This is not a decision made with ease. Content warning were initially added with the intent of helping readers decide whether or not they were interested given the material, but research on the topic has shown time and again that the effects have not been as intended.
Recent research by Association for Psychological Science, as reported by Science Daily, has shown that content warnings can unintentionally increase anticipatory anxiety, which occurs when readers brace for discomfort before encountering sensitive material. A comprehensive meta-analysis in peer-reviewed Sage Journals found that participants who read content warnings were more anxious before engaging with potentially triggering content, while the warnings did not alleviate distress once the material was consumed. The findings show that warnings may not achieve their intended purpose of helping readers manage their reactions to difficult topics, and might even enhance curiosity, leading to increased engagement rather than avoidance.
The Atlantic has explored similar dynamics in discussions about anxiety, emphasizing that efforts to shield people from distress can inadvertently magnify their fears. By emphasizing avoidance over resilience, such warnings can undermine individuals’ capacity to handle discomfort.
Article after article after article, the data remains the same—the effect isn’t as intended. It’s not giving people a moment to collect themselves before proceeding. It’s leading instead to anticipatory anxiety, and either drawing engagement by those who the warnings were for, or leading to avoidance. Ironic, is it not, that warnings either serve to attract people or to avoidance when the intended purpose was to give a reader a chance to take a breath first, and that even that take-a-breath moment leads to a lot more stress?

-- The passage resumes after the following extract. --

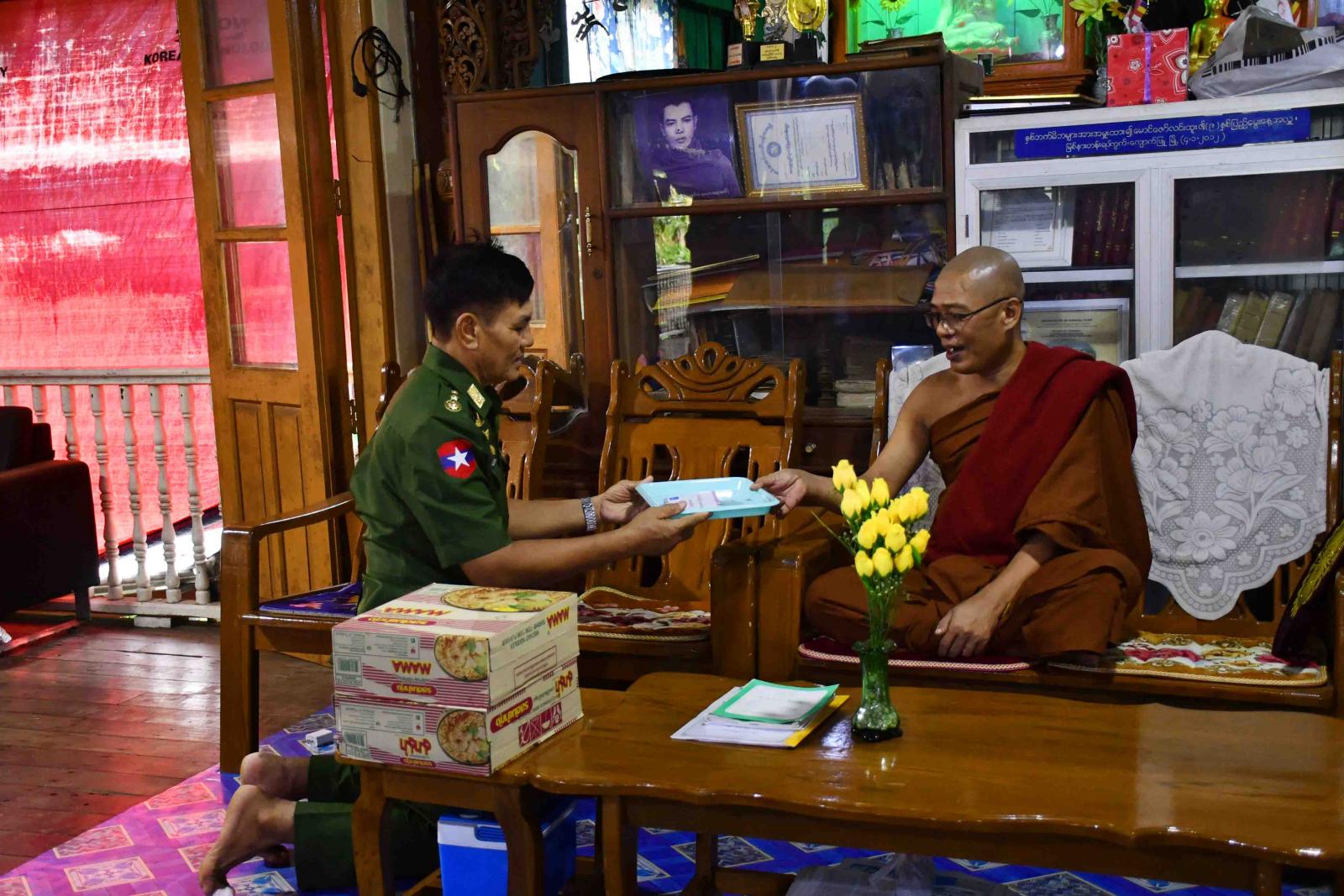 ရှေးဦးစွာ ဒုတိယဗိုလ်ချုပ်ကြီးလူအေးနှင့် တာဝန်ရှိသူများသည် ကျောက်ဖြူမြို့၊ တောင်ရင်းရပ်ကွက်ရှိ ဗောဓိသိပ္ပံဘုန်းတော်ကြီးကျောင်းနှင့် စေတီတောင်ရပ်ကွက်ရှိ လူငယ်ဖွံဖြိုးရေးပရဟိတဂေဟာဘုန်းတော်ကြီး ကျောင်းများသို့ သွားရောက်၍ ဆရာတော်များအား ဖူးမျှော်ကြည်ညိုပြီး နဝကမ္မအလှူငွေနှင့် စားသောက်ဖွယ်ရာများ လှူဒါန်းခဲ့ကာ ၎င်းကျောင်းတိုက်များအတွင်း ဖွင့်လှစ်ထားရှိသည့် ဘုန်းတော်ကြီးသင် ပညာရေးကျောင်းများမှ ကျောင်းသား၊ ကျောင်းသူများအား ကျောင်းသုံးစာအုပ်နှင့် စာရေးကိရိယာများ လှူဒါန်းခဲ့ပြီး ဆရာ၊ဆရာမနှင့် ကျောင်းသား၊ ကျောင်းသူများကို ရင်းရင်းနှီးနှီး တွေ့ဆုံနှုတ်ဆက်၍ အားပေးစကားပြောကြားသည်။

This made me stop and think about my own history (Noëlle writing, here). I have trauma around gun violence. Frankly, I saw brains get shot out right after the gun was aimed at me by my father. Ironically, “trigger warning” includes a trigger for those with gun violence trauma. I also have trauma around alcoholism. My mother was incredibly abusive. She pulled the trigger on me thinking the shotgun was loaded. Quite the dubious honor, surviving both parents aiming guns at me… I really don’t want to get into details since it is still hard sometimes. But the Seven Fishes episode of The Bear, which I was warned would contain a scene involving an alcoholic mother, filled me with so much anxiety that I almost stopped watching. Then the scene was so mellow compared to my experiences that I didn’t realize when I was watching the scene in question. I kept watching and waiting for what didn’t happen. I couldn’t deny the anticipatory stress.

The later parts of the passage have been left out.